Removing the demand for trafficked persons
Looking beyond the sex industry
"Often the first thing that springs to mind when 'demand' is mentioned in relation to trafficking is the contentious debate about the rights and wrongs of prostitution," says Shivaun Scanlan, the Senior Adviser on Anti-Trafficking at the OSCE Office for Democratic Institutions and Human Rights (ODIHR). "But the sex industry is only one aspect of trafficking. Trafficked persons are exploited for many other purposes, such as domestic, agricultural or construction work."
One of the first questions that arise in this discussion is whether there is a demand specifically for trafficked persons' labour or services. Professor Julia O'Connell Davidson of Nottingham University and Dr Bridget Anderson of Oxford University are co-authors of the research paper "Trafficking - a demand led problem?" and were speakers at a special session on demand in trafficking at the ODIHR's annual human rights conference in Warsaw this October. They explain that the migration and work experiences of many people range along a continuum in terms of the types and degree of force and deceit involved. This makes it difficult to determine which persons are trafficked.
What is clear is that there is demand for exploitable workers in many countries, which is sometimes satisfied through trafficking. Such workers are often undocumented migrants whom employers are more able to control, whether trafficked or not, because they have fewer options. Employers also find it easier to justify exploiting undocumented migrants, seeing their actions as "giving opportunities" rather than abusing rights.
Who, then, is generating this demand for exploitable workers? It can be people from many different social spheres, who do not necessarily fit the stereotype of the mafia member or gang master. It can be families who want a live-in child carer, or farmers looking for short-term labourers for harvesting. Indeed, the range of people involved in the chain of trafficking, either directly or indirectly, is one of the main challenges in tackling trafficking from the demand side.
"There is very little relationship between the different forms of demand - for agricultural and construction labour, household labour, cheap goods, human organs - which makes this a policy-maker's nightmare," says Davidson.
Creating informal markets
Government policies can contribute to the development of exploitative practices in unexpected ways. For example, in some European countries social services have introduced "cash-for-care" schemes for the elderly and disabled. Such schemes remove the responsibility from local or national authorities to provide care services, instead giving people allowances so that they can make their own arrangements.

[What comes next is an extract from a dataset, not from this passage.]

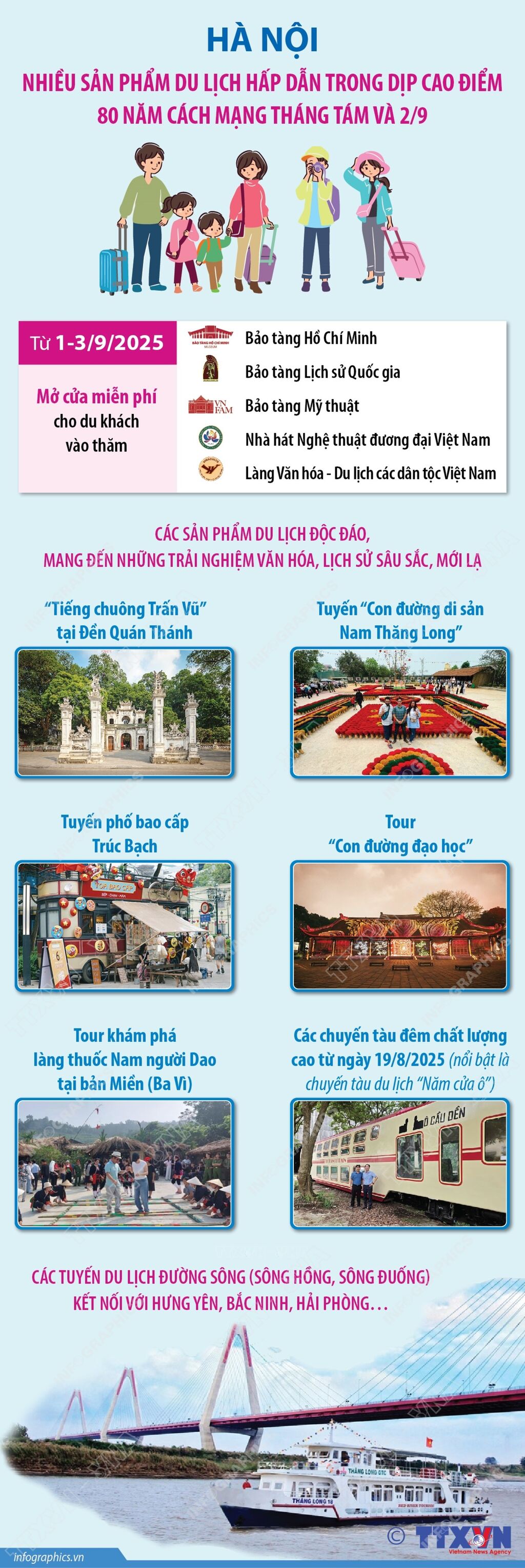 Hà Nội: Nhiều sản phẩm du lịch hấp dẫn trong dịp cao điểm 80 năm Cách mạng Tháng Tám và 2/9

"On the one hand, such systems can give people more choice in deciding on their own care provision. On the other, they encourage the development of an informal market, where private arrangements are common," explains Anderson. "Migrant workers, especially undocumented workers, soak up the bottom end of this market, and are the ones who are particularly vulnerable to exploitative practices."
How to reduce demand
If the demand for services can be adequately filled in legal ways, the market within which traffickers operate will be less attractive. However, while providing legal opportunities for migrant workers can go some way to reducing the demand for trafficked workers, this is not enough to protect vulnerable workers, as recent cases of the exploitation of EU nationals has shown.
It is therefore important that governments recognize where demand lies, and consider altering both the labour and migration policies that create 'bottlenecks' in the market and leave people vulnerable to exploitation. At the same time, they need to ensure better regulation and enforcement of minimum labour standards in sectors prone to exploitation as part of their preventive work.
"We need a range of action, from informing vulnerable workers of their rights - and even undocumented workers have rights - to working with employers to prevent exploitation and holding them up to fair labour standards," explains Scanlan. "We also need to challenge exploitation and abuse through judicial processes alongside mediation, collective action and unionization."
Focusing on demand highlights the cross-over between anti-trafficking and migrants' rights issues, and the need to have a broader approach to anti-trafficking. In 2007, the ODIHR will be meeting with organizations focusing on migrants' rights protection as a first step towards integrating good practices in protecting migrants' rights into the ODIHR's anti-trafficking activities.